Rudolf Gräf: Durante esta crisis, notamos que los «espacios de proximidad», como los lugares cercanos a su hogar, se volvieron mucho más importantes, especialmente cuando vivían en un vecindario de alta densidad. Durante el confinamiento, no pudimos viajar muy lejos, era importante poder tener alguna actividad cerca, cerca de su casa. También mostró que el diseño urbano de la calle, especialmente, no estaba a la altura de la tarea.

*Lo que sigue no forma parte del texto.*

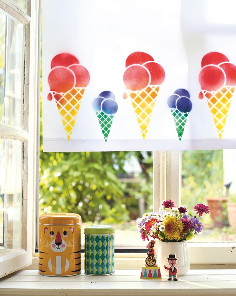 This window display will not only be a hit with the kids: the colourful ice cream cones are sure to light up everyone’s faces. You can recreate the design yourself in next to no time with the help of Marabu Textil Design Spray and the Ice Cream Cones stencil.

La forma en que diseñamos las calles en los últimos 50 años carecía de multifuncionalidad, comodidades y microclima para actividades al aire libre agradables y locales. No todo el mundo puede tener un parque o un parque infantil a menos de 10 minutos a pie de su casa. No todo el mundo puede caminar 10 minutos. Hay muchas personas que no son lo suficientemente jóvenes o lo suficientemente fuertes para hacer esto. En tales situaciones, la propia calle debe ser capaz de hacerse cargo y adaptarse. Los arquitectos generalmente no están involucrados en el diseño de calles. Más bien se considera que no es un trabajo de muy alto nivel, no como los lugares históricos y simbólicos que nos gusta diseñar. Hay mucho trabajo por hacer en esta área también para los arquitectos y creo que las escuelas de arquitectura en general no son muy buenas para impartir ese tipo de conocimiento. Por otro lado, cuando pensamos en las implicaciones directas de la COVID-19, como el distanciamiento físico (social), muestra que realmente aumenta la capacidad de nuestros espacios, como las aceras, incluso para el lugar más pequeño donde pueden reunirse entre 5 y 10 personas: necesitan un tamaño diferente al que tienen ahora, si es que tienen alguno.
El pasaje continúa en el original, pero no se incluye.